Tim Albery’s 2009 production of Wagner’s opera has heaved back into port at the Royal Opera, with the ghost ship of legend once again casting a long shadow over Michael Levine’s set: a huge industrial ship’s deck, curved almost as vertiginously as a skate park half-pipe, over which scurries and slides a crew of oilskinned sailors. And once again the phantom Dutchman himself gets a memorable performance from Bryn Terfel. Vocally it’s not the same performance that he was able to give 15 years ago – he has to push against the orchestra at both the top and bottom of his range now, and his tenderness towards Senta comes across in his look more than his voice – but every word is meaningfully projected, every line full of character. Terfel has owned this role, here and elsewhere, and he’s not about to give it up.

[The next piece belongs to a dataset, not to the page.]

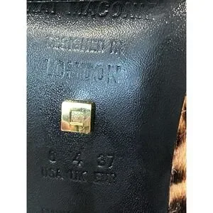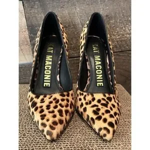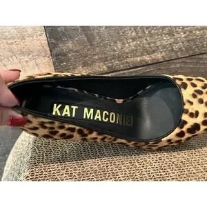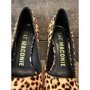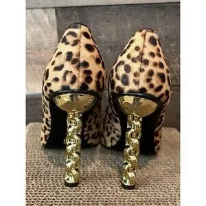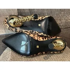 KAT MACONIE Lydia Leopard Pointed Toe Pumps Size 6 Gold Chain Heels Black Brown

The Flying Dutchman is the work of a composer still in transition, from the established norms of 19th-century opera into the long-form mastery of his later works, and one might expect the odd dip in energy when its two-and-a-quarter hours are performed straight through without a break, as here. Yet even accounting for that, the revival feels slightly lukewarm. With Henrik Nánási conducting, the intensity of the orchestral playing comes and goes. Nánási can be strong on detail but is not consistently so – there are times when the orchestra provides the run-up to a big, bounding voice entry but the two don’t quite join up, and the effect falls flat. The women’s chorus, sung from behind ranks of sewing machines under eye-achingly bright striplights, itself sounds laborious, the rhythms overstressed.